Как Сталин с Гитлером по телефону разговаривал

Егор Убаров
         
         (Сон Егорши)
   

     Думайте, что хотите. Считайте, что сошёл Егор с ума окончательно! А буде — смейтесь на здоровье.  Только мне, братцы, совсем не до смеху тогда было.  Да, признаться честно, до сих пор колотит маненько. Хоть и неделя минула!
     А дело было так…
 Лежу в койке в прошлую субботу, ворочаюсь. Минут на полчаса вроде задремал, а все одно — не спится и все тут. Мысли разные… исторические, философические, житейские. Одним словом – дилеммы в голове и вопросы… вопросы. А намедни-то чайком фамильным баловались, да не по одному стакану. Мне бы поспать, а физиология предательская заставляет подняться. Видать, приспичило изнутри. Против такого природного позыва, сами знаете, любой бессилен.

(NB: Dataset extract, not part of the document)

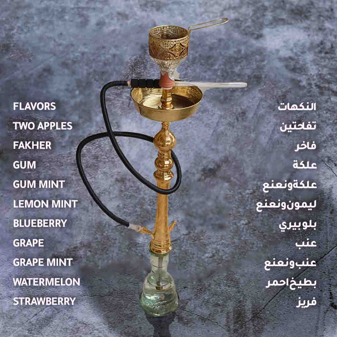 النكهات تفاحتين فاخر علكة علكة ونعنع ليمون ونعنع بلو بيري عنب عنب ونعنع بطيخ احمر فريز

     Сунул я ноги в тапки и к дверям. Поворачиваю налево к туалету. Смотрю: дежурная сестричка с этим новым санитаром воркуют. Дон Хуан этот ей зубы кажет, хихикает. Видать весело им, молодым-то. На меня и не посмотрели даже. Не досуг, видать.
     Сделал я свои дела. Все чин чином. Только начал к умывальнику подходить, чтобы руки ополоснуть, чувствую: вроде как пол подо мной качнуло. Странно… ведь не половицы, а плитка на растворе!? Я это качание хорошо знаю. Учёный! Ещё со Спитака. Мы тогда как раз в Армении в командировке были. Ну, вот… пару раз слегонца качнуло и перестало. Ополоснул я руки, на харю свою небритую полюбовался в зеркале и — к дверям. Сам думаю про себя: а эти "голубки" заметили землетрясение то  или нет?  Хотя, вряд ли. Приоткрыл дверь туалетную, глядь: а за дежурным сестринским столом никого! Нарушают, молодёжь, производственную дисциплину. Поворачиваю голову влево, в сторону лестницы. И тут… вижу: метрах в пятнадцати от меня приближается в мою сторону человек. Не велик ростом, во френче военном и… в сапогах! А во рту – трубка! И в этот самый момент дежурный свет в коридоре стал  осечки давать. Лампочки замигали. То ярче, то тускней!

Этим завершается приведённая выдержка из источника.